▶ **Activity**
Once the pictures are set aside, transcribe the remaining data exactly.

▶ **Task data**
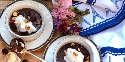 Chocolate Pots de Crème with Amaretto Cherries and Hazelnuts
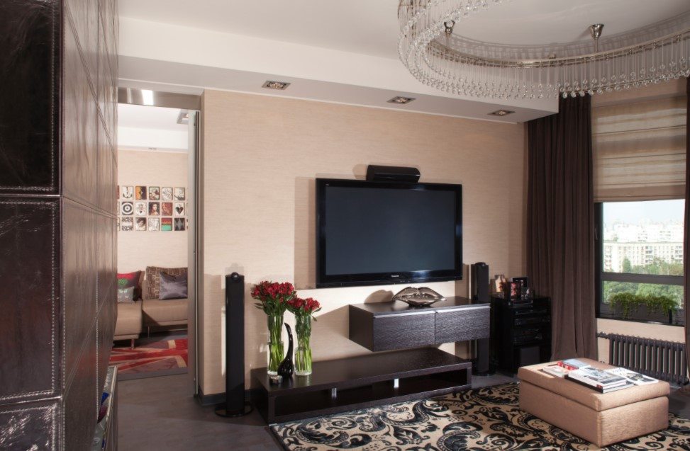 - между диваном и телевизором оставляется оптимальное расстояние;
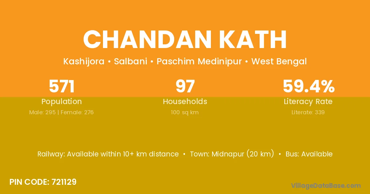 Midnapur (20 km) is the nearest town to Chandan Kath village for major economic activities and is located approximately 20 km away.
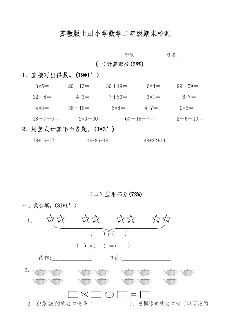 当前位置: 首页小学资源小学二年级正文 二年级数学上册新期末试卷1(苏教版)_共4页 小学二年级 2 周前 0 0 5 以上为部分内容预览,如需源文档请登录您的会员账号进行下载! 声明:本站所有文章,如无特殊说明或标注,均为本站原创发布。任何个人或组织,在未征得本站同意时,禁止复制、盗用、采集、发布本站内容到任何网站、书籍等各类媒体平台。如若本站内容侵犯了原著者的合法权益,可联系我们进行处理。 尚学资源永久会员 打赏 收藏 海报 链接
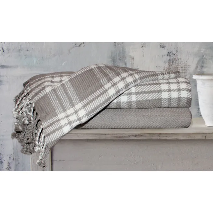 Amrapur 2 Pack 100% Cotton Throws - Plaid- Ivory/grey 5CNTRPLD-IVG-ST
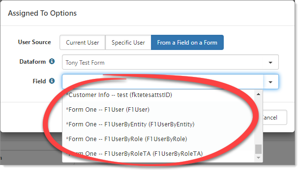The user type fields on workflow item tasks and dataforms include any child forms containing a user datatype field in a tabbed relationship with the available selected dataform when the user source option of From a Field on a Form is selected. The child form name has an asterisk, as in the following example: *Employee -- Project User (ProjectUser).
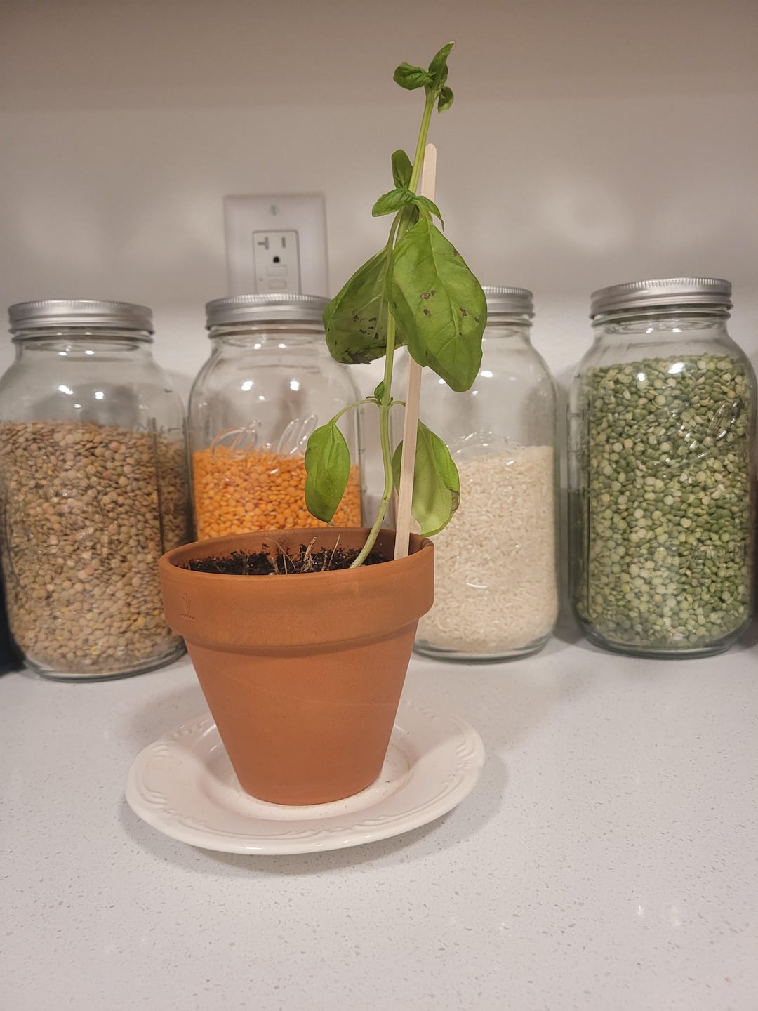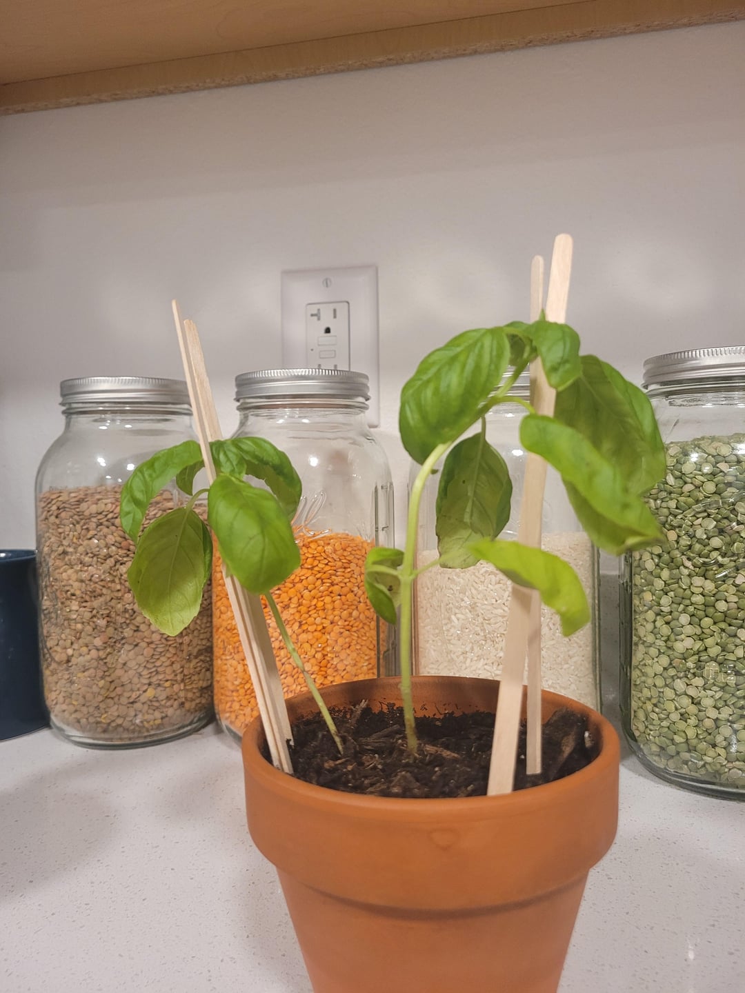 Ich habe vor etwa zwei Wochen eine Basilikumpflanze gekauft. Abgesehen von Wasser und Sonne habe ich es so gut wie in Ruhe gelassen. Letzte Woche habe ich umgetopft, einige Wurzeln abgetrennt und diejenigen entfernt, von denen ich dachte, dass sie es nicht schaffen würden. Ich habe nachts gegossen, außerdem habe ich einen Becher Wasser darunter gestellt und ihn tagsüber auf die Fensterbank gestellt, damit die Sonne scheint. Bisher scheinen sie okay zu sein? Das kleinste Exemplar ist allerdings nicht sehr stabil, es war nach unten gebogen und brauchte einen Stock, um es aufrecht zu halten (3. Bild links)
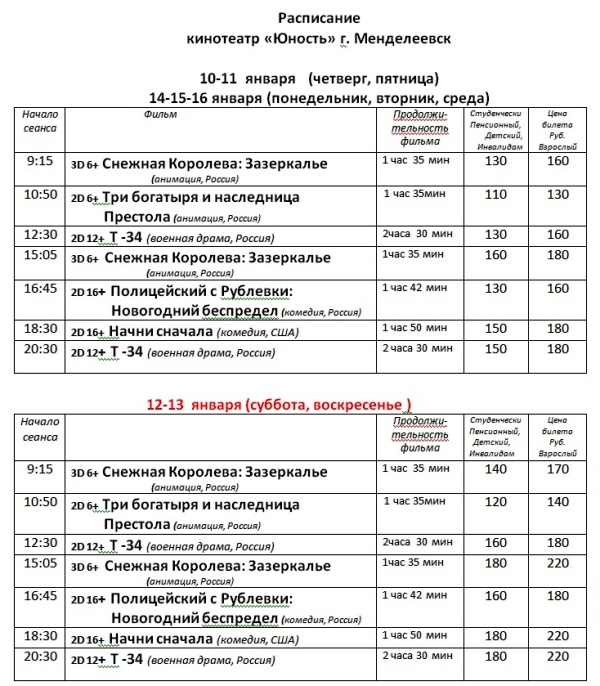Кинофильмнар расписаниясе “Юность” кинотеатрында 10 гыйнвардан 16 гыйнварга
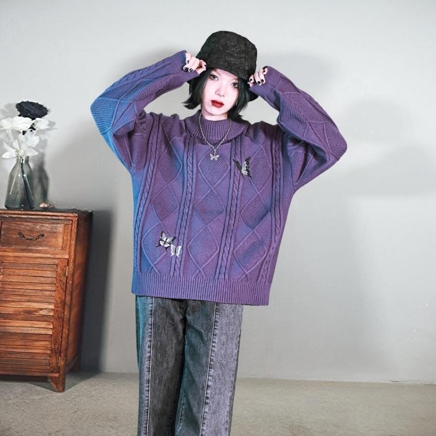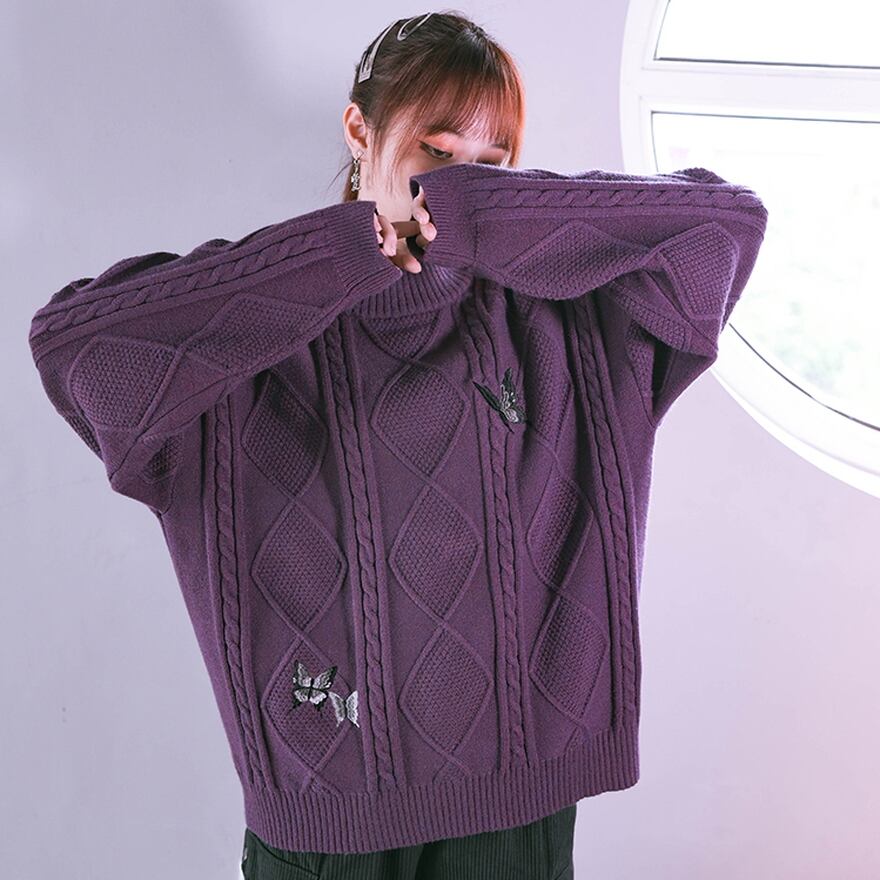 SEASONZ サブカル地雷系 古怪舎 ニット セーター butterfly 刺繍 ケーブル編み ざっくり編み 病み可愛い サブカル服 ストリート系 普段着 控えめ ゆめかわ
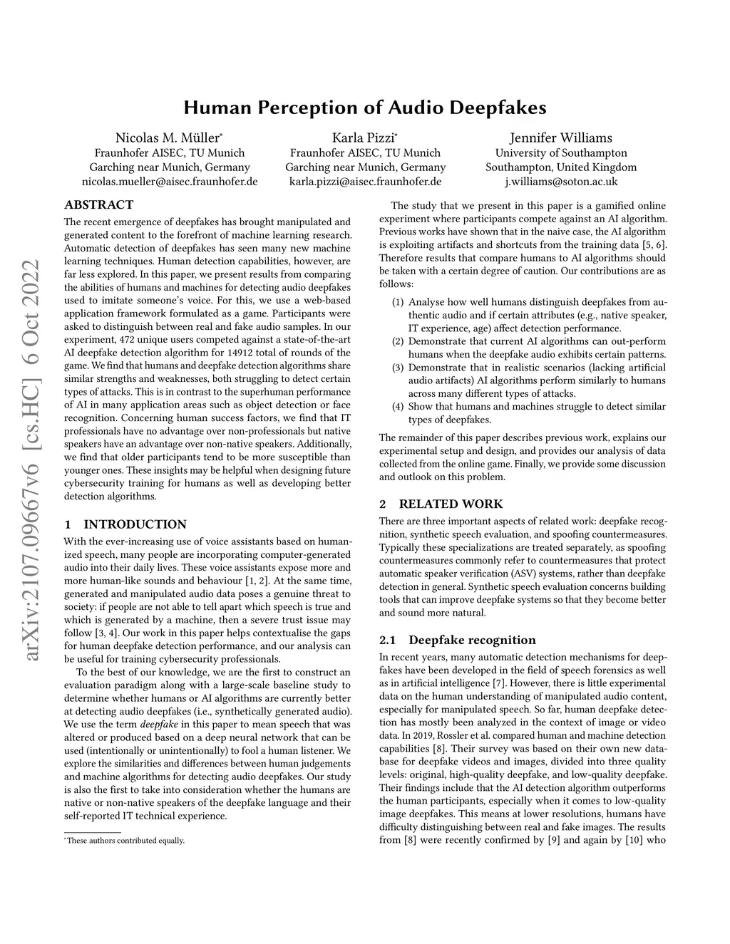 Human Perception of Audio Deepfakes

▶ **Answer box**
 Chocolate Pots de Crème with Amaretto Cherries and Hazelnuts
 - между диваном и телевизором оставляется оптимальное расстояние;
 Midnapur (20 km) is the nearest town to Chandan Kath village for major economic activities and is located approximately 20 km away.
 当前位置: 首页小学资源小学二年级正文 二年级数学上册新期末试卷1(苏教版)_共4页 小学二年级 2 周前 0 0 5 以上为部分内容预览,如需源文档请登录您的会员账号进行下载! 声明:本站所有文章,如无特殊说明或标注,均为本站原创发布。任何个人或组织,在未征得本站同意时,禁止复制、盗用、采集、发布本站内容到任何网站、书籍等各类媒体平台。如若本站内容侵犯了原著者的合法权益,可联系我们进行处理。 尚学资源永久会员 打赏 收藏 海报 链接
 Amrapur 2 Pack 100% Cotton Throws - Plaid- Ivory/grey 5CNTRPLD-IVG-ST
The user type fields on workflow item tasks and dataforms include any child forms containing a user datatype field in a tabbed relationship with the available selected dataform when the user source option of From a Field on a Form is selected. The child form name has an asterisk, as in the following example: *Employee -- Project User (ProjectUser).
 Ich habe vor etwa zwei Wochen eine Basilikumpflanze gekauft. Abgesehen von Wasser und Sonne habe ich es so gut wie in Ruhe gelassen. Letzte Woche habe ich umgetopft, einige Wurzeln abgetrennt und diejenigen entfernt, von denen ich dachte, dass sie es nicht schaffen würden. Ich habe nachts gegossen, außerdem habe ich einen Becher Wasser darunter gestellt und ihn tagsüber auf die Fensterbank gestellt, damit die Sonne scheint. Bisher scheinen sie okay zu sein? Das kleinste Exemplar ist allerdings nicht sehr stabil, es war nach unten gebogen und brauchte einen Stock, um es aufrecht zu halten (3. Bild links)
Кинофильмнар расписаниясе “Юность” кинотеатрында 10 гыйнвардан 16 гыйнварга
 SEASONZ サブカル地雷系 古怪舎 ニット セーター butterfly 刺繍 ケーブル編み ざっくり編み 病み可愛い サブカル服 ストリート系 普段着 控えめ ゆめかわ
 Human Perception of Audio Deepfakes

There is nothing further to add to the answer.